このカチオン性錯体は、求核剤(BocNH2)存在下に付加を受けます。鉄カルボニル部位の反発を避ける方向から反応が起きます。引き続き、鉄カルボニルを酸化的に除去して、カルバメート基のDirecting Effectを利用して、mCPBAエポキシ化を立体選択的に進行させています。
タミフルのような、シクロヘキセン骨格を持つ化合物を綺麗に作ろうとすると、大抵の合成化学者はDiels-Alder反応を使いたがるのではと思います。選択性の予測が可能で、かつ信頼性が大変高いためです。一方で今回のルートは、 炭素骨格が最初からそろっている基質に官能基を生やしていくルートであり、独創的なアプローチのルートだと思えます。
ただ勿論完璧なルートというわけではありません。いくつか簡単に思い付くデメリットとしては、①有毒で酸素に不安定なカルボニル錯体を当量用いなければならない、②高価なキラル補助基を用いた光学分割が必要で、基質の半分が不要になってしまう などでしょうか。
「有毒な試薬をたくさん使って医薬品を作ることに何の意味があるのか?とても実用に堪えないじゃないか?」という批判は、こういった類の仕事につきものです。とはいえ、それはもっとも簡単なレベルの批判だと思えますが。
そういったルートでも、将来的に問題点を解決するブレイクスルーが達成されれば、一挙に実用候補にあがるルートになるかもしれません。また、別ルートの合成研究からは、今まで気づかなかったハードルが浮き彫りになることも多く、既存法に対する問題提起を行うことにもつながります。 勿論、より良い合成ルート確立に向けてのたたき台としても使えます。確立されたルートが沢山あるほど、効率よく作るためのヒントが増え、良いものが開発しやすくなるわけですから。

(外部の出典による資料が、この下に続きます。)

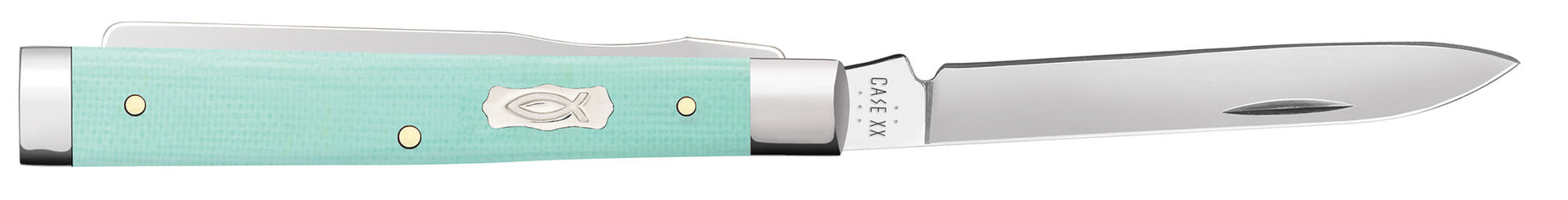 Our Seafoam Green G-10 handles are more than just aesthetically pleasing, they’re also built to endure years of use. The iconic Ichthus shield is a symbol of shared and unyielding faith. The Case Baby Doc always delivers, but only for a limited time! This pint-sized knife was modeled after the full-sized Doctor's Knife ('85SP). The pattern was named by the Case Collectors Club community at the Zippo/Case International Swap Meet in 2004 and was later introduced to the public in January, 2005. The knife hearkens back to a time when doctors carried a knife like this in their medicine bags to cut sutures and bandages, crush pills, and mix medicines with liquids while conducting housecalls. Be sure to pick up your Baby Doc from Case before it goes back to the Vault at the end of 2025! This knife is constructed with Case Tru-Sharp™ stainless steel which is a special high-carbon steel that helps the blades hold an edge longer than conventional steel. It also offers extraordinary blade strength and corrosion resistance. Comes conveniently packaged in a box. Made in Bradford, PA, USA from domestic and imported materials.

もちろん、ロシュ社のプロセスルートは相当に完成度が高く、いくら新たな高効率ルートが開発されたとしても、それと直接とって代わることは当面なさそうです。アカデミックルートへの切り替えはロシュにとって旨味がない、という認識はおそらく正しいでしょう。 とはいえ将来物質特許が切れたとき、つまり他の製薬会社がジェネリックとして売り出すときに、ルートの一部や改良ルートが使われるのではないか――こういった話であれば、現実的可能性はありそうです(勿論全くそのまま、と言うわけにはいかないでしょうが)。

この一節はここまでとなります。